## Brief
Print all the data that follows exactly, images excluded.

## Data
━━━━━━━━━━

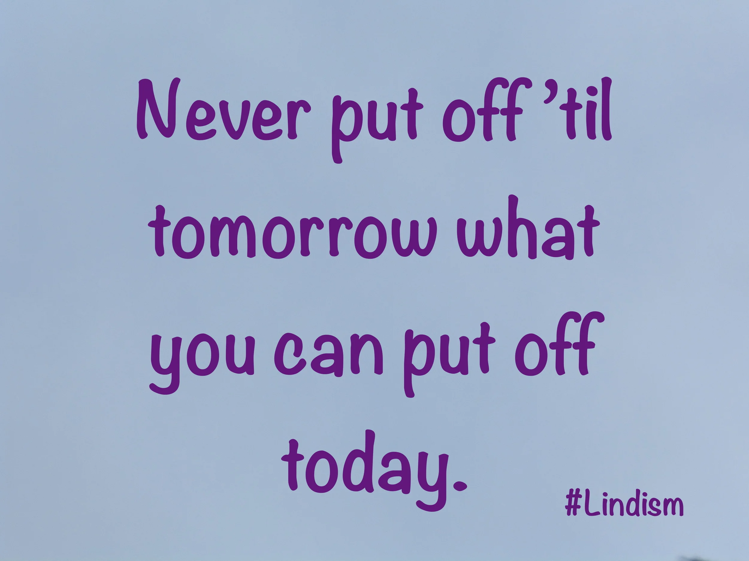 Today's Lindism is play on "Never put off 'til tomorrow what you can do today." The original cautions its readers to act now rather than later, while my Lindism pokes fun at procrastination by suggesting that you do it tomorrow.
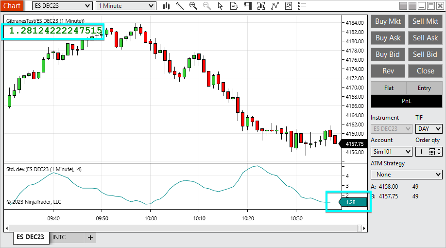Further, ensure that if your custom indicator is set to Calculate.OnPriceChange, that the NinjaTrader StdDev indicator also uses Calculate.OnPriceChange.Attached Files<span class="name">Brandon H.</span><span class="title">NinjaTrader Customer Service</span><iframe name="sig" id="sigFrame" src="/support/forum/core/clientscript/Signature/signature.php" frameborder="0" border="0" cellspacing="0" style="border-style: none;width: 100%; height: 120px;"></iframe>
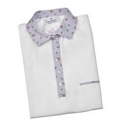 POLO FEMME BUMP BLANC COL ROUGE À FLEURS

━━━━━━━━━━

## Result for this task
 Today's Lindism is play on "Never put off 'til tomorrow what you can do today." The original cautions its readers to act now rather than later, while my Lindism pokes fun at procrastination by suggesting that you do it tomorrow.
Further, ensure that if your custom indicator is set to Calculate.OnPriceChange, that the NinjaTrader StdDev indicator also uses Calculate.OnPriceChange.Attached Files<span class="name">Brandon H.</span><span class="title">NinjaTrader Customer Service</span><iframe name="sig" id="sigFrame" src="/support/forum/core/clientscript/Signature/signature.php" frameborder="0" border="0" cellspacing="0" style="border-style: none;width: 100%; height: 120px;"></iframe>
 POLO FEMME BUMP BLANC COL ROUGE À FLEURS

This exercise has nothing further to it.